Olympic Champion Cody Miller’s Favorite Tool for Developing Mental Toughness

Mentally tough swimmers are fast swimmers. Here’s Olympic champion Cody Miller’s favorite tool for swimmers looking to get mentally tougher.

Mental toughness is one of the key characteristics of elite swimmers.

Getting up on the blocks, in front of thousands, requires a level of mental toughness and resilience that we view with awe.

But mental toughness isn’t just for Olympic champions. It’s something we all value, both in the pool and in regular life.
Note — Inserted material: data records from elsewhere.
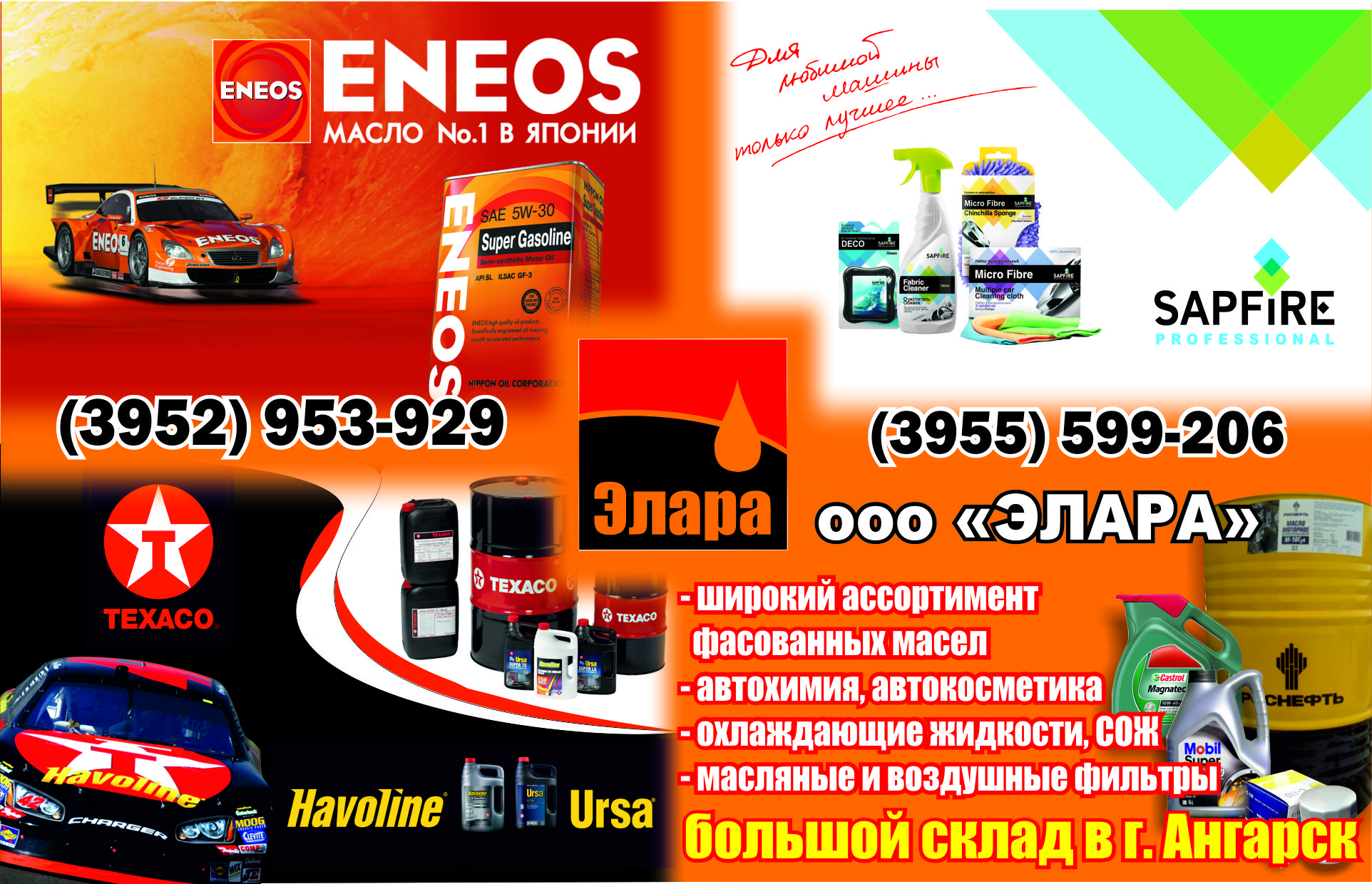 - широкий ассортимент фасованных масел в Ангарске (ENEOS, TEXACO, Havoline, Ursa)
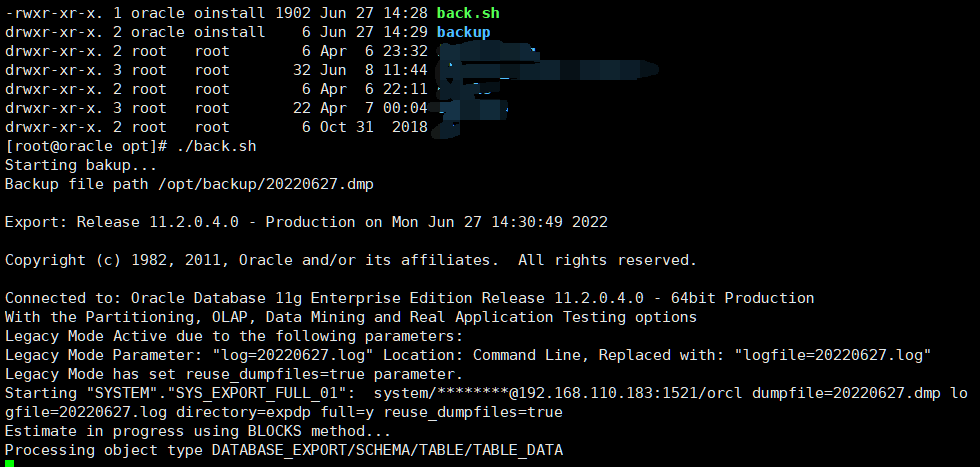 [root@]$ expdp dbuser/passwd@192.168.110.9:1521/orcl dumpfile=dbback.dmp log=log.log directory=back_dir schemas=cbyxy
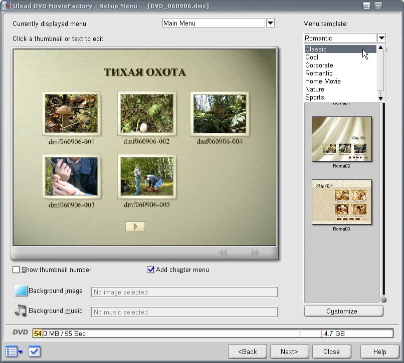Создание меню не заставит вас вникать в тонкости DVD-авторинга, все, что дозволено пользователю — это изменение текста в надписях (кириллица поддерживается), да выбор готовых шаблонов. Список их невелик, однако тематика оформления охватывает практически все жизненные ситуации, от романтического настроения до спортивных заставок.
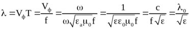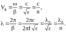 Таким образом, длина волны в диэлектрике меньше длины волны в пустоте при одной и той же частоте. Длина волны, так же, как и фазовая скорость, зависит от диэлектрической проницаемости вещества. Величина
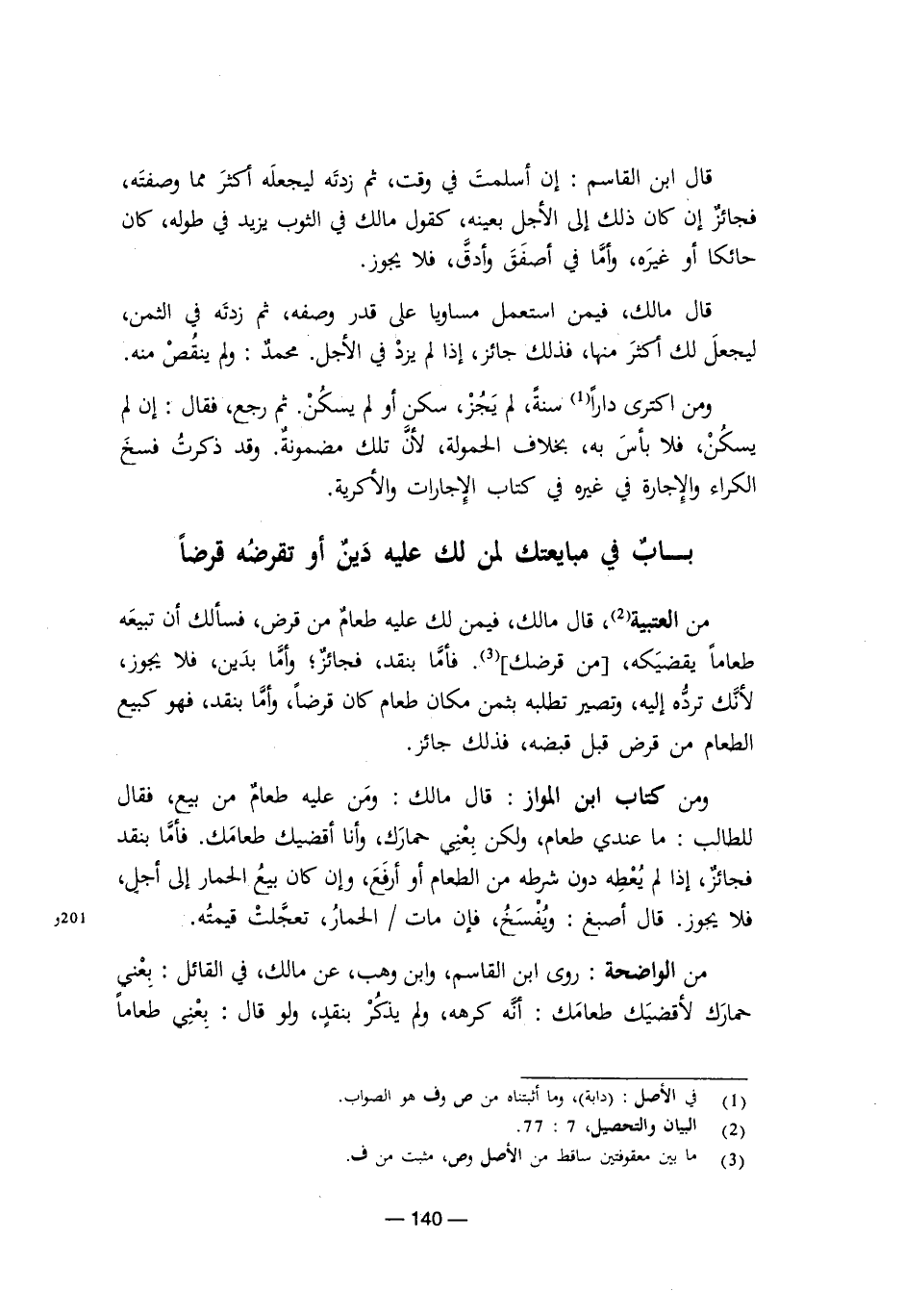 قال مالك فيمن استعمل مساويًا على قدر وصفه، ثم زدته في الثمن، ليجعل لك أكثر منها، فذلك جائز، إذا لم يزد في الأجل. محمد: ولم ينقص منه.
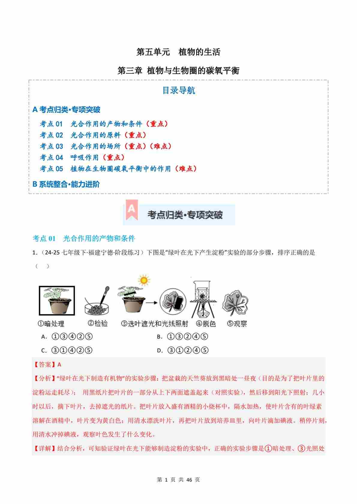 第5单元第3章 植物与生物圈的碳氧平衡(专项训练)(解析版)
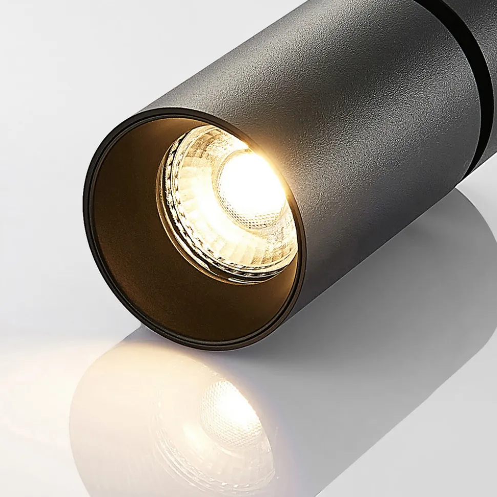 Brinja spotlight i svart i et praktisk sett med 3 stk. 1 lyskilde Brinja spotlight går rett til kjernen av lysstemningen. Den enkle taklampen imponerer med sin fleksibilitet og harmoniske design. Både skjermen og den runde holderen er behersket i størrelse og fokuserer i stedet på målrettet belysning. Armaturen kan dreies og justeres fleksibelt, slik at lyset alltid når frem til ønsket sted og matcher resten av belysningskonseptet. Den blanke, svarte fargen og den lette aluminiumsvekten gjør armaturen enda tydeligere.
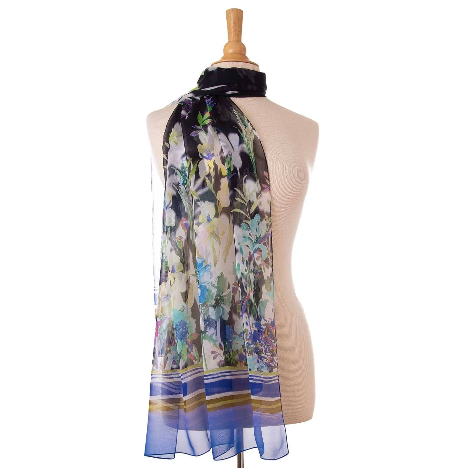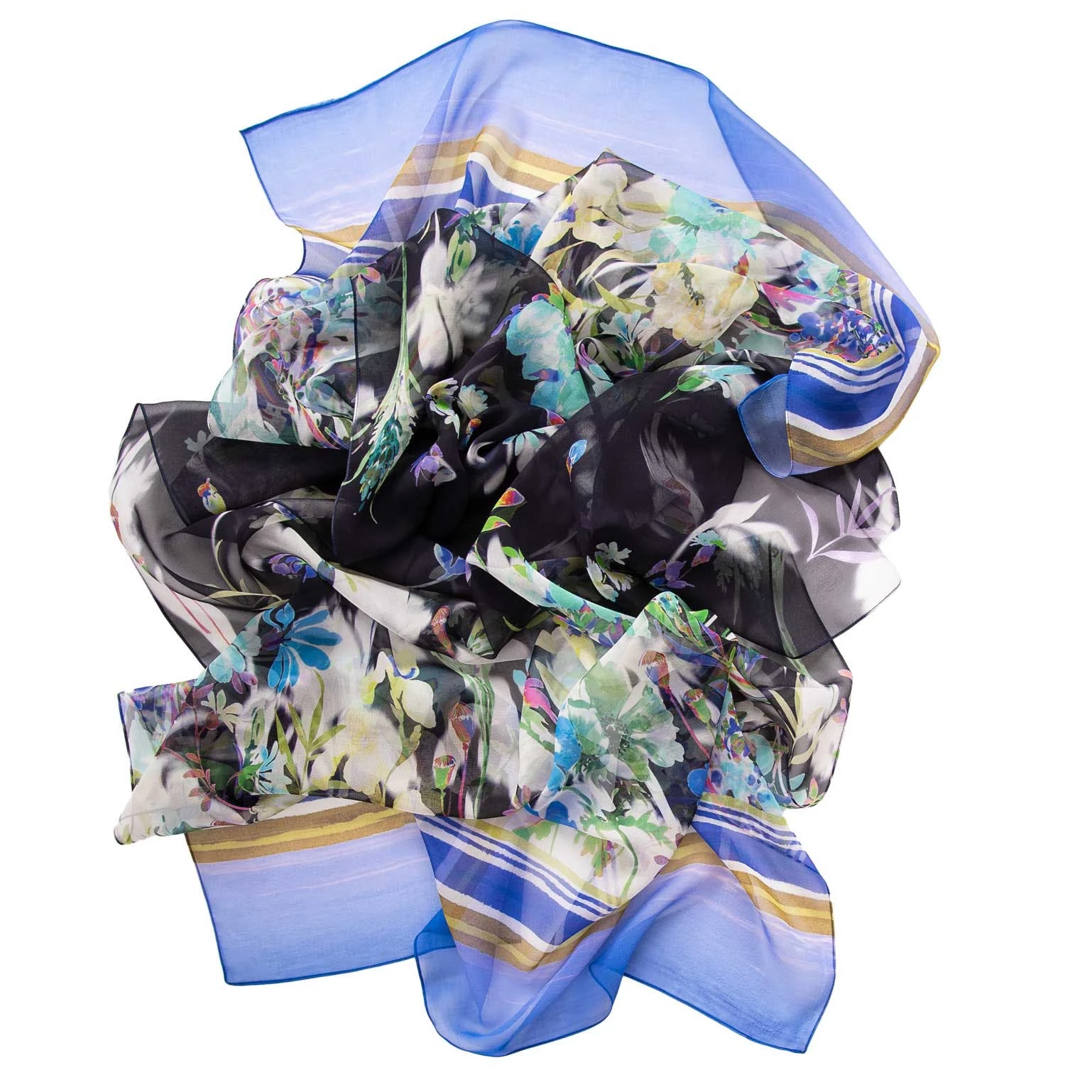 This delicate, sheer silk georgette scarf boasts a lovely floral print in blues on navy. Perfect for transitioning from day to evening. Large size can be worn as a scarf or a shawl.
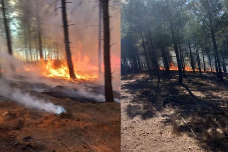 Yangına 10 arazöz, 6 su tankı ile karadan müdahale edilirken, havadan da müdahale sürüyor.
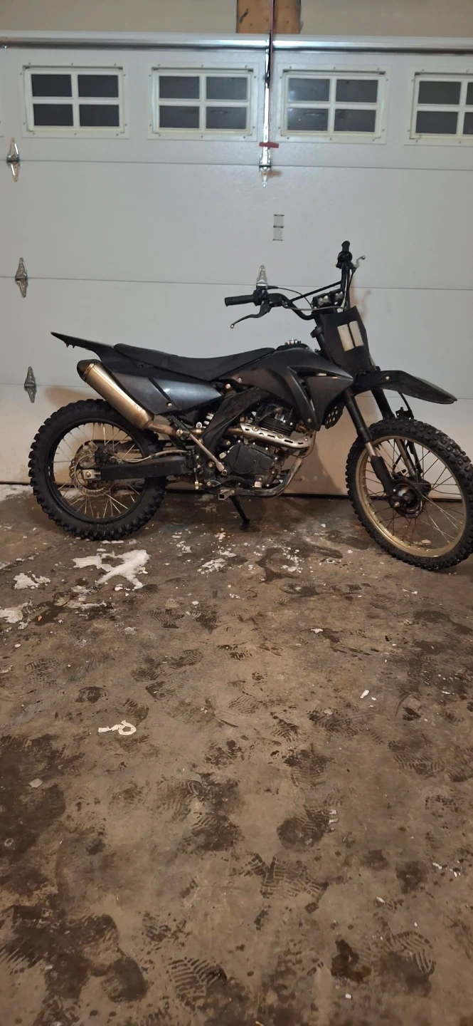 This is a black dirt bike. It's designed for off-road use. The tires have aggressive tread for traction. It's ready for your next adventure!

We’ve all had moments in the pool where we demonstrated a level of mental toughness that took us by surprise:

  • Surviving Hell Week, attending every practice, and even swimming a near-PB at the end of that grueling stretch of training.
  • Doing an interval that at one time we thought was impossible or way out of our reach.
  • Swimming back-to-back races in competition, going best times in both events despite feeling like we were eating a lactic acid sandwich by the end of the second race.
  • Going toe-to-toe with a faster swimmer in practice and not yielding an inch during the main set.

And so on.

These moments where we surprised ourselves with our capacity boosted confidence, made us rethink what was possible in the water, and of course, pushed us closer to achieving our big goals.

Mental toughness is one of the most important things you will learn and improve in the water, and yet, for most swimmers, it’s something they leave entirely to chance.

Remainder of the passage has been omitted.